Contre la « fixation administrative » des taux de l’épargne réglementée
Rapide flashback : cela fait près de 20 ans, depuis 2004, que le principe de la révision automatique du taux du Livret A, 2 fois par an (4 fois en cas de circonstances exceptionnelles) et selon une formule mathématique, a été mis en place. Avant cette date ?
Fixer la rémunération de l’épargne populaire était une prérogative de l’exécutif. De 1818, date de la création du livret, à 1984, elle a été fixée par décret, puis, de 1984 à 2004, par un comité dédié (2). Pour un même résultat : pour l’opinion publique, le taux du Livret A restait un choix politique, piloté par l’exécutif. Résultat : toute baisse du taux le rendait impopulaire auprès des épargnants.
C’est, notamment, pour mettre un terme aux « graves inconvénients liés à la fixation administrative des taux » qu’un rapport (3) commandé par Bercy et signé par Christian Noyer et Philippe Nasse, a recommandé en janvier 2003 d’opter pour une indexation automatique du taux du Livret A. Une proposition mise en œuvre à partir du 1er juillet 2004 par Francis Mer, à l’époque ministre de l’Economie du gouvernement Raffarin.
Ce dernier, toutefois, n’est pas allé au bout de la logique du rapport Noyer-Nasse. L’exécutif a conservé le pouvoir de déroger à la nouvelle règle, en cas de « circonstances exceptionnelles », et de fixer lui-même le taux, sur proposition de la Banque de France.

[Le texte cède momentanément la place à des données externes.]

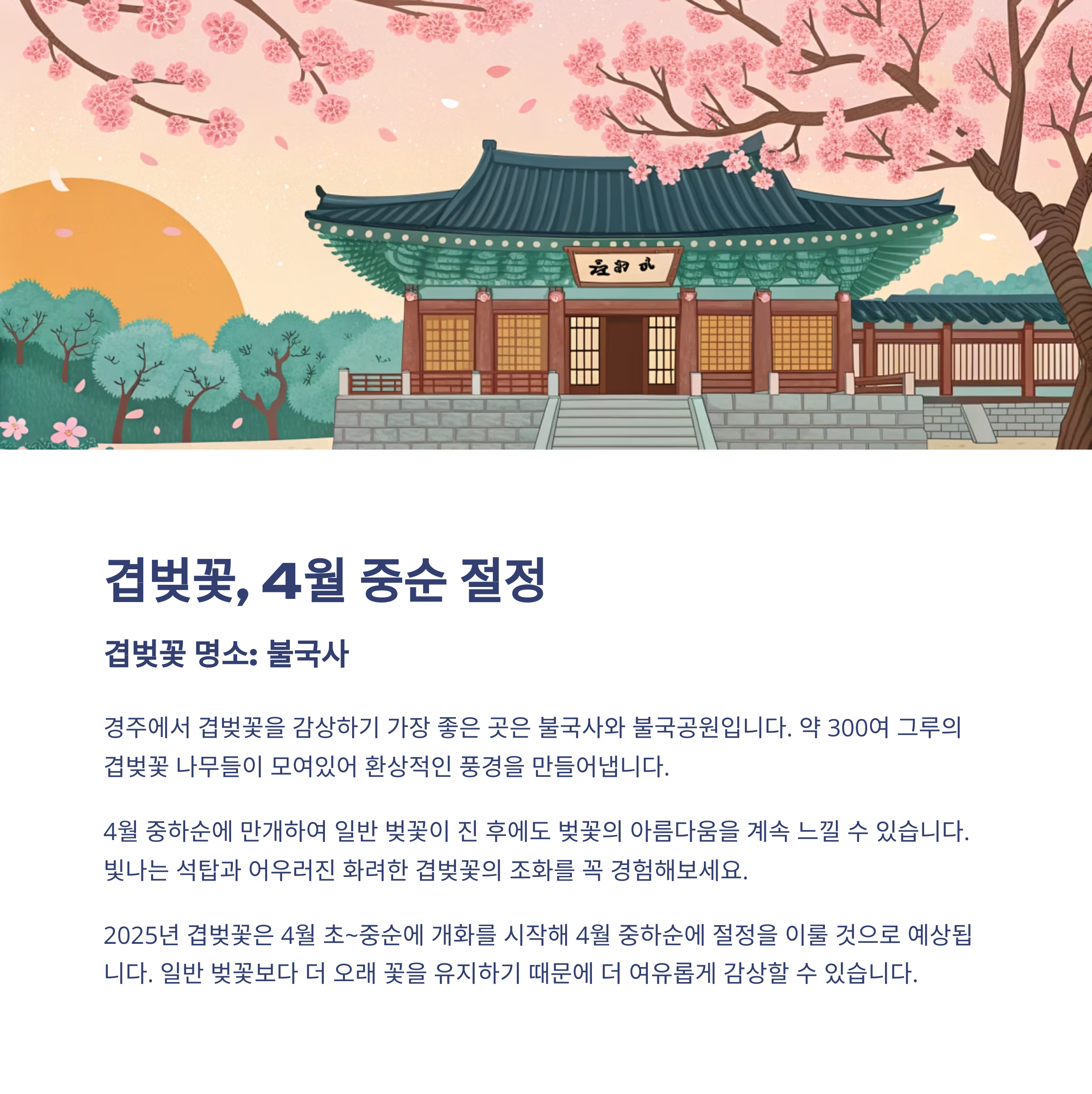 경주의 겹벚꽃 명소로는 불국사가 추천되며, 해당 지역은 겹벚꽃과 어우러진 경관이 사진에 담기에 딱입니다!

La dérogation quasi-permanente
Conçue à l’origine pour trouver le meilleur compromis entre, d’un côté, l’intérêt des épargnants (un rendement « positif », c’est-à-dire supérieur à l’inflation) et, de l’autre, celui des banques et des emprunteurs (une ressource proche des taux du marché pour leurs prêts), la formule de calcul a été ajustée à plusieurs reprises depuis 2003. La dernière en date, en 2018, a clairement fait pencher la balance du côté des banques et des emprunteurs, en supprimant le plancher inflation, soit cette règle qui voulait que le taux du Livret A ne puisse pas être inférieur à l’inflation hors tabac.
Le pouvoir de dérogation, lui, est resté. Et ce qui devait constituer l’exception, la dérogation en cas de « circonstances exceptionnelles », est devenue la règle. Sur les dernières années, la révision automatique n’est intervenue qu’à 2 reprises :
- le 1er août 2022 pour relever le taux de 1% à 2% ;
- le 1er février 2020 pour le ramener de 0,75% à 0,50%.
Le pouvoir de dérogation a, lui, été utilisé à 10 reprises. Mais 3 fois seulement dans un sens défavorable aux épargnants, donc pour limiter une hausse du taux :
- le 1er février 2023, lorsque le taux, attendu à 3,30%, a été fixé à 3% ;
- en août 2017, pour limiter le taux à 0,75%, alors qu’il était attendu à 1%.
- en août 2023, donc, pour empêcher la hausse à 4,10%
Les autres interventions du gouvernement ont été plutôt favorables aux épargnants, dans un contexte, il faut dire, très particulier. Au cœur de la décennie 2010, face à la faiblesse de l’inflation et des taux du marché, les pouvoirs publics ont, en effet, fait le choix de lisser la baisse du taux du Livret A, qui aurait pu atteindre 0,25% dès le 1er février 2015. Des dérogations sont ainsi intervenues en février et août 2013, en février et août 2015, puis en février et août 2016, avant que le gouvernement ne décide, déjà, de geler le taux à 0,75% de décembre 2017 à janvier 2020.
« Une formule mathématique peut difficilement rendre la complexité des enjeux autour du Livret A »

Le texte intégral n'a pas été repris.